«J’ai acheté la carte de Paris imprimée sur un mouchoir. » Karl Gutzkow
D’un côté, une gravure d’Albert Decaris, datant de 1953 et retrouvée dans les archives Dior : une carte des cinq continents qui raconte la Maison et son expansion dans le monde. De l’autre, cette affirmation lue dans Christian Dior et moi, l’autobiographie du couturier : «Une collection complète doit s’adresser à tous les types de femmes dans tous les pays. » Ce sont ces deux inspirations qui guident Maria Grazia Chiuri, Directrice Artistique des collections femme, pour ce défilé de haute couture automne-hiver 2017-2018, qui célèbre les soixante-dix ans de la Maison.
L’atlas symbolise, pour Maria Grazia Chiuri, une envie d’ailleurs, le besoin de voyager pour découvrir le monde et se découvrir soi-même, pour ressentir une émotion, grandir et évoluer. Il rappelle son voyage de Rome à Paris ou son exploration de l’héritage Dior. Turbulente comme les premières exploratrices, qui étaient capables de dépasser les frontières géographiques et mentales, elle est attirée par ces héroïnes et leur manière d’utiliser les éléments de la garde-robe masculine en les mélangeant à des pièces ethniques.
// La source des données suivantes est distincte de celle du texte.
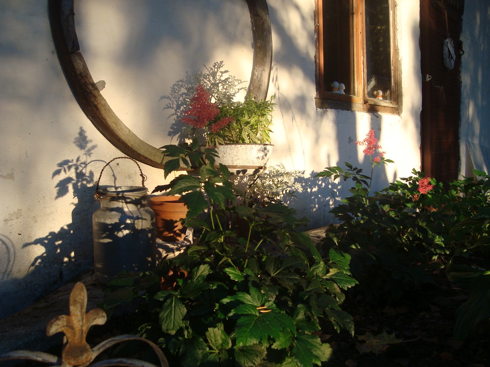 | Muutaman päivän niittämisen jälkeen kalusteet löysivät oman paikkansa omenapuiden varjosta |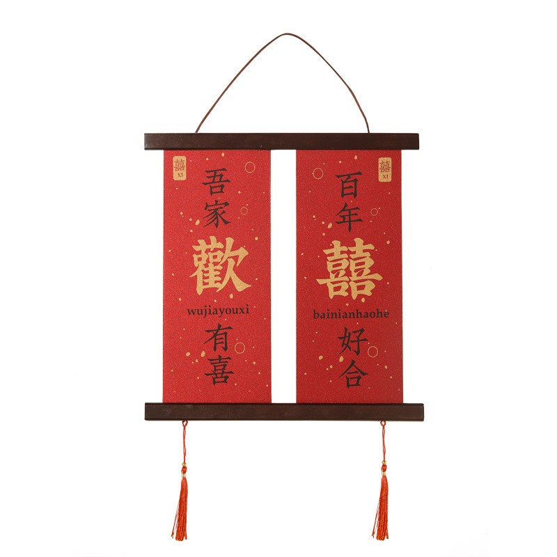结婚婚房布置装饰新中式房间客厅晨袍拍照背景墙高级喜字kt板布饰
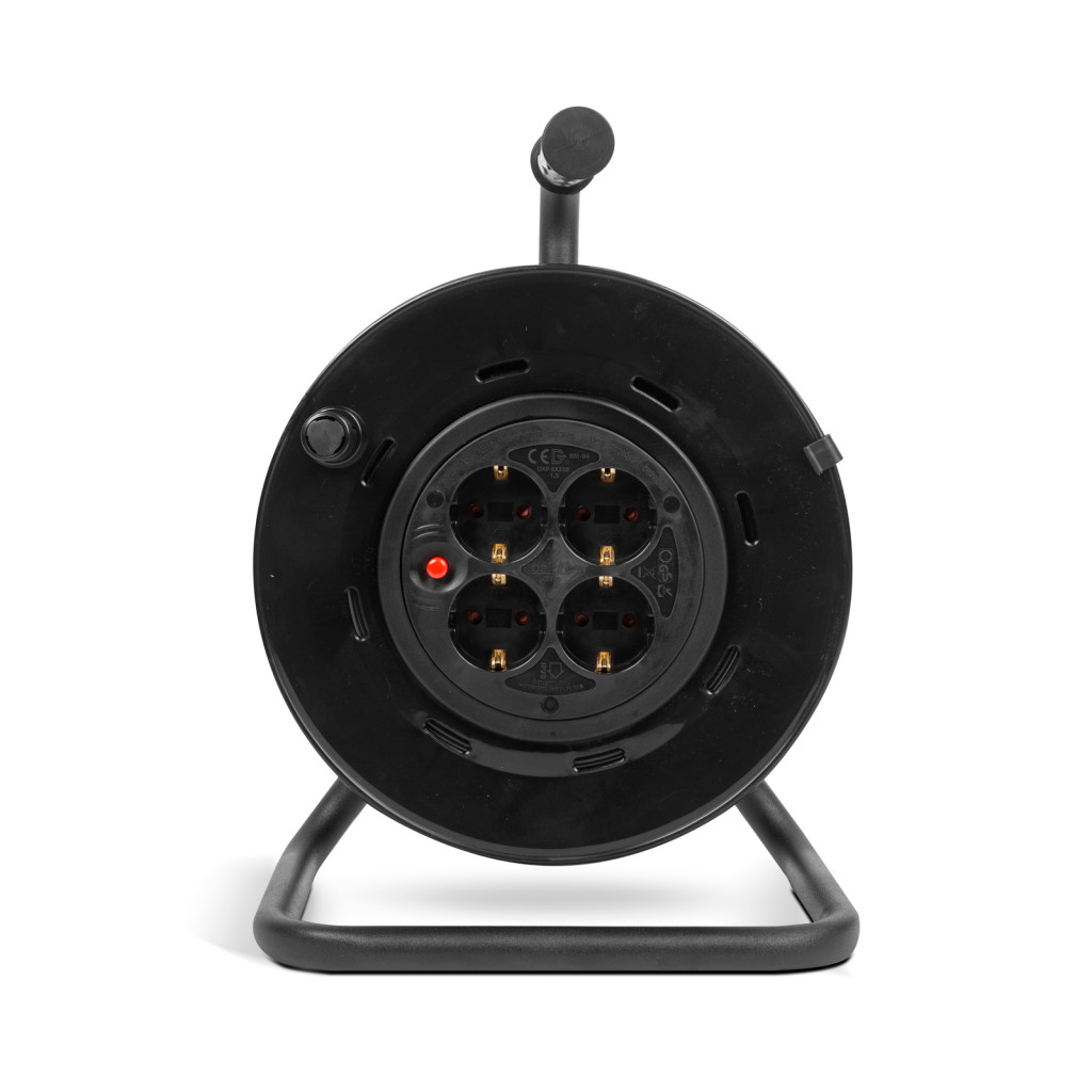 Masszív, nagyméretű dobbal szerelt kábeldob, amely alkalmas 25 méter hosszabbító kábel helytakarékos tárolására. A 4 db 250V-os hálózati aljzat gyerekvédelemmel van ellátva, így elkerülhetőek a gyermekbalesetek. A készülék hőkioldóval is rendelkezik, így megakadályozható, hogy a készülék melegedjen és túlterhelésnek legyen kitéve feltekert üzemeltetés esetén. Kérjük, ha lehetősége nyílik rá a hőkioldó biztosíték ellenére se használja a kábeldobot feltekert kábellel!

Ces tissus d’homme transformés, grâce à la sensibilité de la créatrice et aux nouvelles technologies, en surfaces chatoyantes, en clairs-obscurs, s’invitent sur les vestes, les manteaux, les chemisiers, les combinaisons, qui ressemblent à de petits blousons d’aviateur et s’ouvrent en jupes-culottes plissées. Tandis que le feutre masculin de Stephen Jones, créateur des chapeaux Dior depuis vingt ans cette année, s’inspire de celui d’exploratrices telles que Freya Stark.
Le parcours de ce retour aux origines devient, pour Maria Grazia Chiuri, une topographie des émotions : les couleurs, les fleurs ou les jeux de tarot brodés deviennent eux-mêmes comme des atlas sur des capes et des robes de soirée en tulle et en soie, grises poudrées de rose, ou dans les couleurs nocturnes du velours. Cette féerie, renvoyant à une cartographie imaginaire qui invente et renverse notre point de vue, nous rappelle les tableaux de ces intérieurs aux atlas muraux et aux mappemondes : ils nous racontent la puissance de l’errance littéraire au féminin, pétrie d’explorations culturelles et de style. Pietro Ruffo, artiste avec lequel Maria Grazia Chiuri partage un lien créatif, a imaginé, pour décor, la voûte céleste et la Terre, tracées d’un geste poétique.